In India, where Sid was born, people with medical conditions are often considered social outcasts. It was this culture of stigma around illness that made Sid determined to be open about his diagnosis. He also wanted other people with diabetes to see what he was going through. His first post read: “So Happy after my first proper ride… 14.1km with a moving time of 44.01mins. Blood sugar slightly low by the end but loved every minute of it.

Sid eventually completed complete the 300-mile ride from London to Paris in just three days. And from his Instagram posts, Beyond Type 1 discovered Sid.

As an engineer, Sid takes a data-driven approach to monitoring his health. His approach to getting his type 1 diabetes under control started with a spreadsheet. “I wanted to log everything I was doing to see if I could see patterns.

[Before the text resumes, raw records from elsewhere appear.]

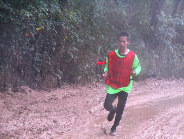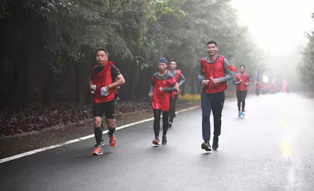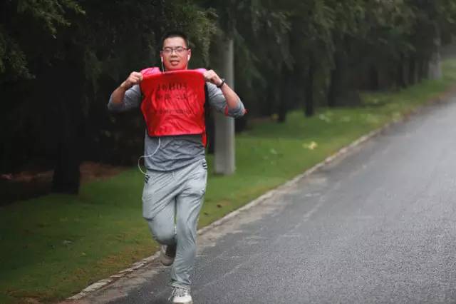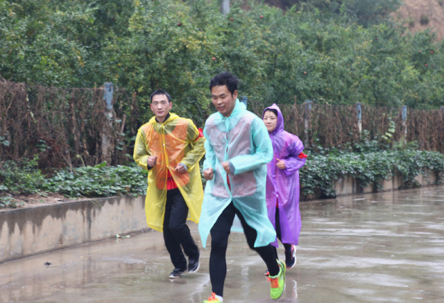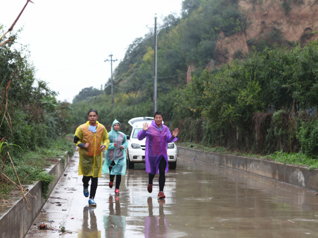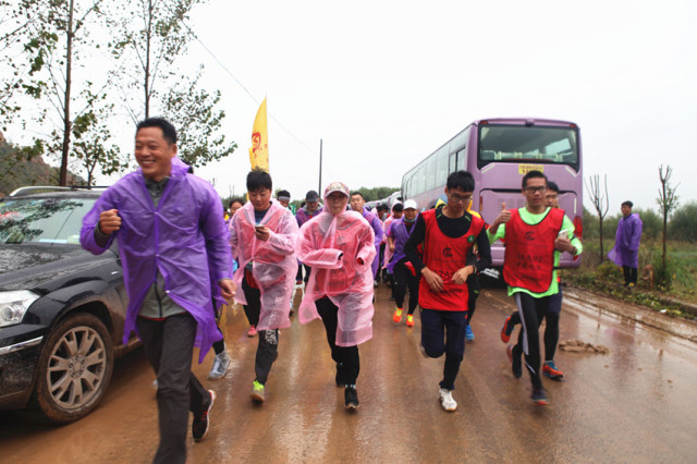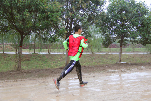 很多队员为了跑步方便脱下雨衣,冒雨前进!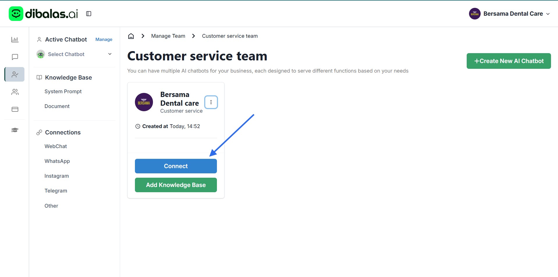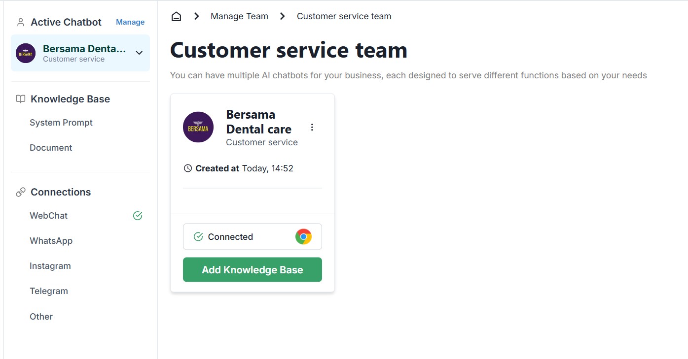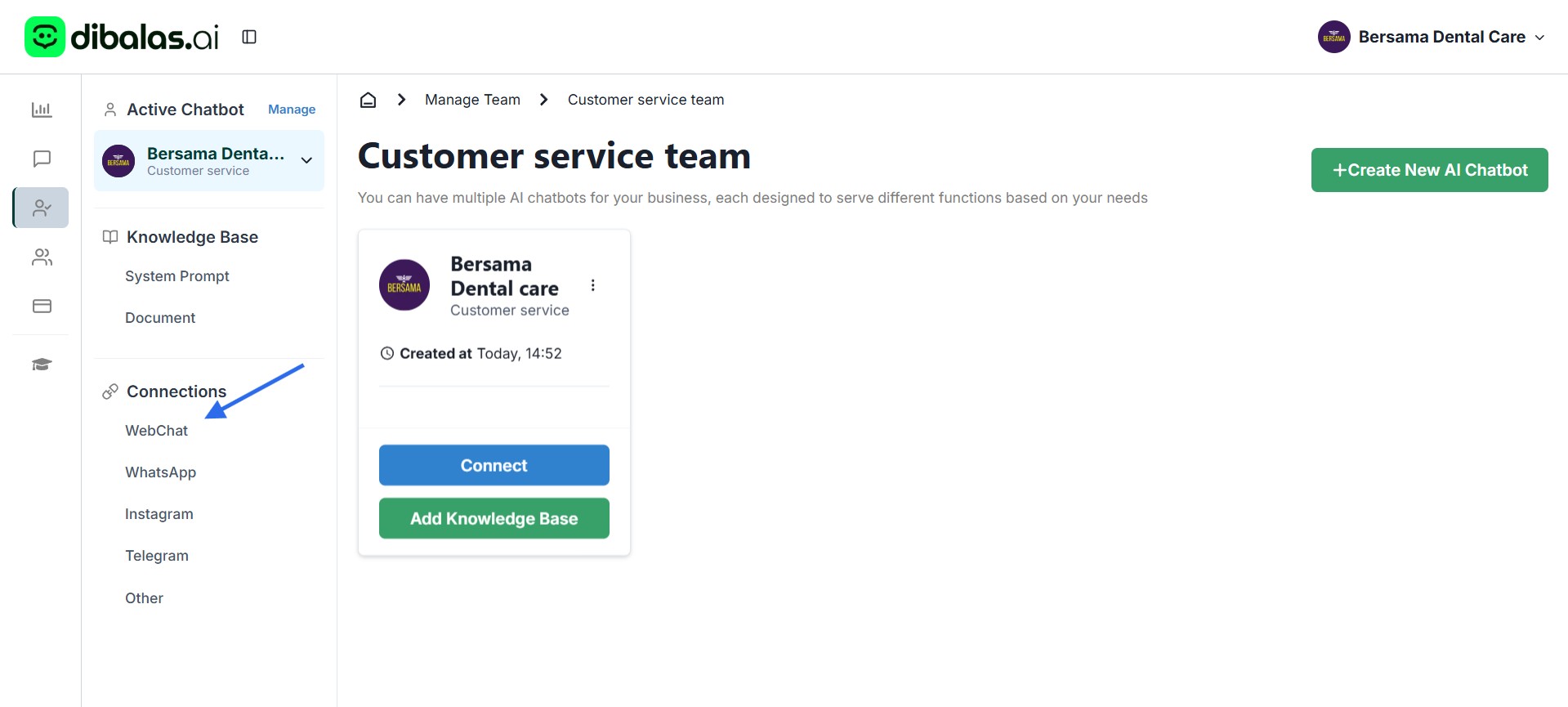 You can view the connections linked to your chatbot on the Chatbots page.
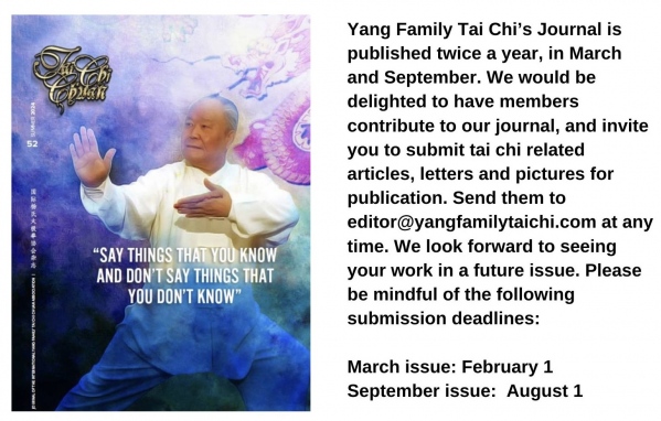 The next issue of Connections will be published in March 2026. Please send any announcements to me at carolyn@yangfamilytaichi.com by February 22, 2026.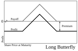 - Opcja kupna (short call butterfly spread) – inwestor wystawia opcję kupna o relatywnie niskiej cenie wykonania K1, relatywnie wysokiej K3 i kupuje dwie opcje kupna o cenie wykonania K2 pomiędzy K1 i K3. Wartość K2 powinna być zbliżona do aktualnej ceny instrumentu bazowego.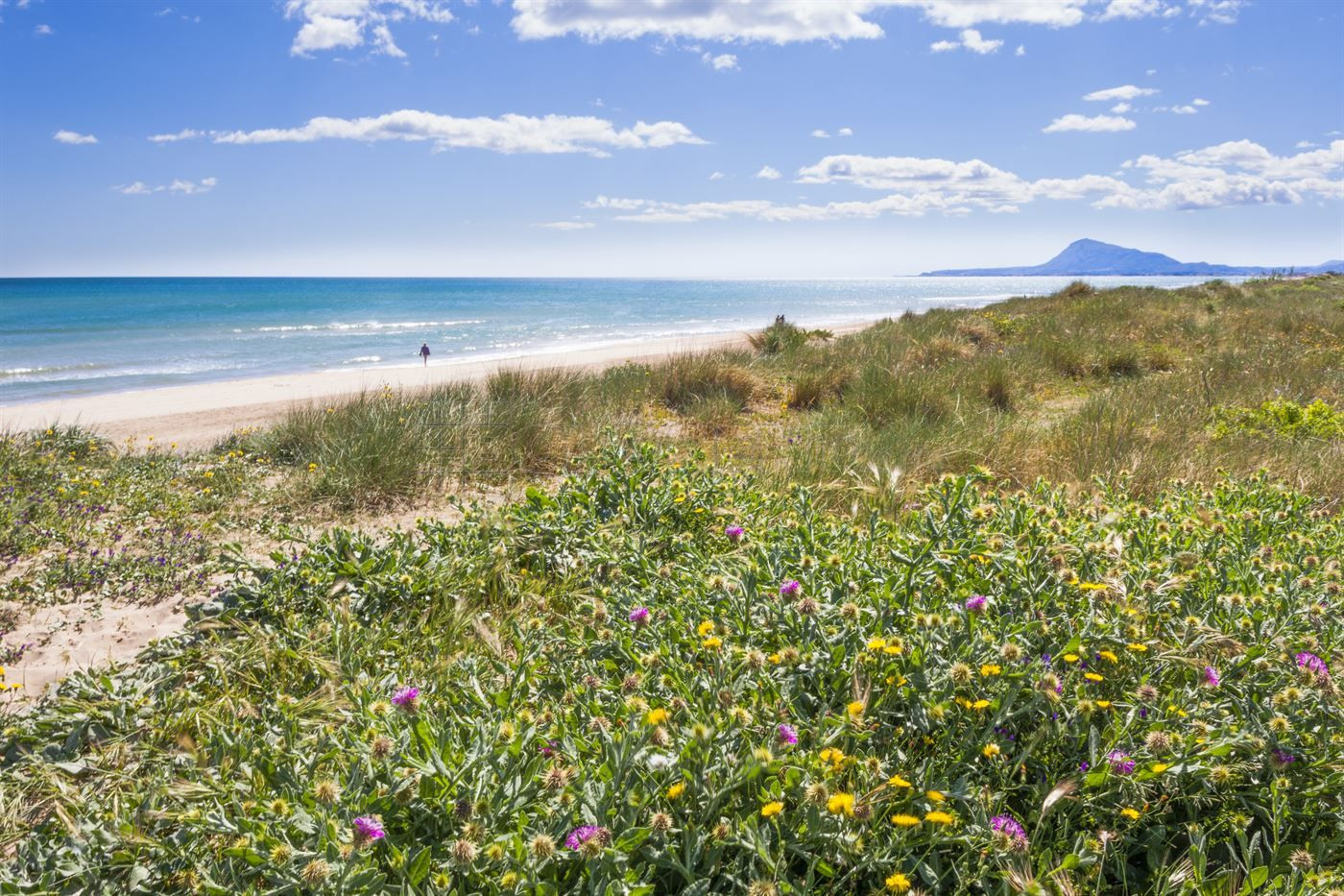 Der Strand Aigua Blanca besticht durch kilometerlangen, feinen, goldenen Sand. Ausgezeichnet mit der Blauen Flagge der Europäischen Union, ist er ideal für Dünenliebhaber, Wassersportbegeisterte und Familien. Entlang der Promenade finden Sie Kioske und Strandbars wie Malamar und Kuk Vermell sowie Restaurants wie La Nansa, La Sota und La Duna.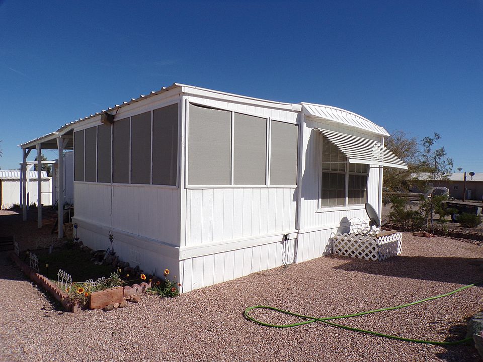 OWNER MAY CARRY WITH SUBSTANTIAL DOWN. 1.22 fenced acres, landscaped with 1 bed 1bath older manufactured home, very clean interior. Nice AZ room, deck area for relaxing. 2, full service RV hookups with double gated entry for easy access.. Exterior laundry room, a 8x20 container for storage, carport. This is the perfect winter getaway or full time. You decide. Check this out today.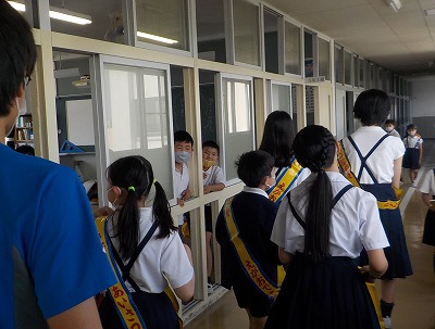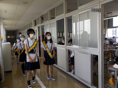 今日から1週間、児童会によるあいさつ運動が行われます。朝放送であいさつ運動を行うことを全校に伝えた後、児童会役員が教室をまわって「おはようございます」とあいさつをしました。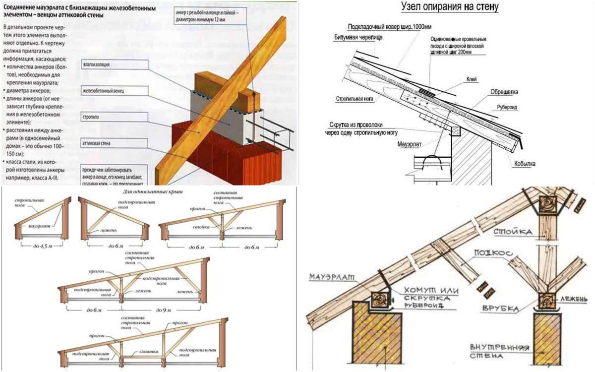 По проекту одна из стен должна быть меньше другой, чтобы обеспечивать уклон крыши в 20-30 градусов. Укладка мауэрлата. На поверхность стены, которая должна быть заранее гидроизолирована рубероидом, укладывается мауэрлат. Брус мауэрлат служит не только креплением для стропил, но и отлично распределяет нагрузку с кровли. Для крепления мауэрлата используют специальные анкера или металлическую арматуру.

I wanted to control the diabetes, not have the diabetes control me.” He logged everything he ate, how he felt, and how much insulin he was taking from October through January. “Eventually my blood sugar was exceptionally well controlled. So the question became ‘How can I help others?’”

Live beyond! Photo: Whitney Freedman

A year later, the invitation to captain the cross-country ride with twenty fellow type 1s would provide an answer.

Sid took his role of captain seriously in regards to being of service to his team. Getting a group of people with diabetes across the continent safely was not an easy task. The team had a lot of scares including one seizure. But Sid was up for the job. When Sid’s says his blood sugar is exceptionally well controlled, he’s not bluffing. He didn’t have a single “hypo” — diabetes slang for an occurrence of low blood sugar in which thoughts slow and vision can get blurry— while biking across the country (he did have a few post-ride and one  in the middle of the night). Comparatively, most of his teammates were having five or ten a day.

The point of everything he now does, according to Sid, is to show that it’s possible to live beyond type 1.In fact, when Folks caught up with him at the end of the ride, he was leading led his team in a chant.

“LIVE BEYOND!” he shouted.

“BIKE BEYOND!” his team–his friends–echoed back.